Retour à la normale ? Pas pour le transport interurbain par autocar, qui n’a jamais retrouvé son niveau de service d’avant la pandémie. Québec est interpellé de toutes parts.

« Ce qui n’a pas de bon sens, c’est que le transport par autocar n’a jamais été considéré comme du transport en commun parce que sinon, [les gouvernements] auraient été obligés de le financer. Donc ce sont des compagnies qui ont à s’autofinancer. On demande à une compagnie privée de faire un service qui devrait être un service public. Ça, c’est compliqué », souligne Catherine Morency, professeure à Polytechnique Montréal et titulaire de deux chaires en mobilité.

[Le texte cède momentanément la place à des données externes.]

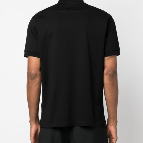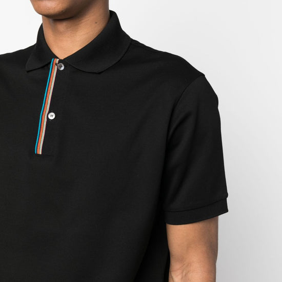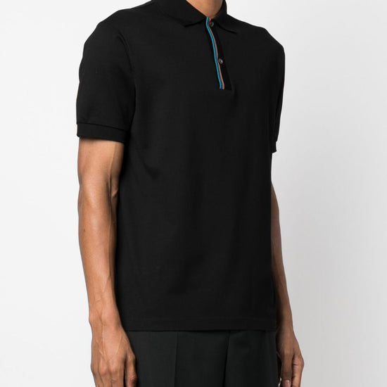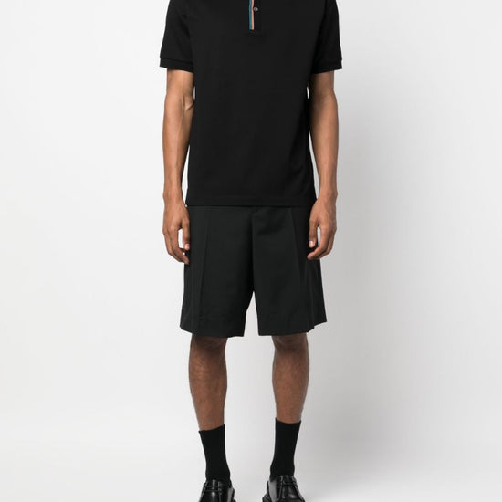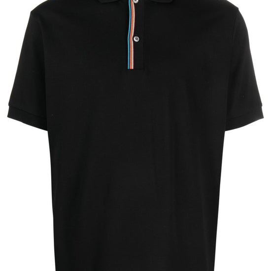 Black cotton polo shirt, front buttoning, polo collar and straight hem. signature stripe cotton polo shirt

Une solution pourrait être de créer une autorité « qui aurait comme tâche d’organiser le transport interurbain et de donner les contrats à des privés pour exploiter ces lignes », avance André Lavoie, président de l’Association des transports collectifs ruraux du Québec (ATCRQ), qui regroupe 78 MRC offrant du transport collectif local.

Il y aurait une sorte d’entité qui tisserait la toile d’araignée pour gérer le transport interurbain. Comme ça, au moins, il y aurait de la planification plus orientée vers le bien commun.

André Lavoie, président de l’Association des transports collectifs ruraux du Québec 

Le secteur réfléchit à des pistes de solution depuis longtemps, assure la Fédération des transporteurs par autobus.

« Avant la pandémie, nous avions beaucoup de discussions et de tables de réflexion avec le ministère des Transports pour faciliter l’accès au transport interurbain, rendre les circuits plus fluides, que l’interconnexion soit plus efficace, qu’on rende ça un petit peu plus agile comme système », dit le PDG de la fédération, Luc Lafrance. « On est à reprendre ces discussions. »

Le Ministère avait donné un important mandat de recherche sur la mobilité interurbaine à Polytechnique en 2018, mais ces travaux ont été retardés par la pandémie. Mme Morency et son collègue Martin Trépanier doivent notamment réaliser une première enquête nationale sur les déplacements interurbains, qui couvrira une bonne partie de l’année.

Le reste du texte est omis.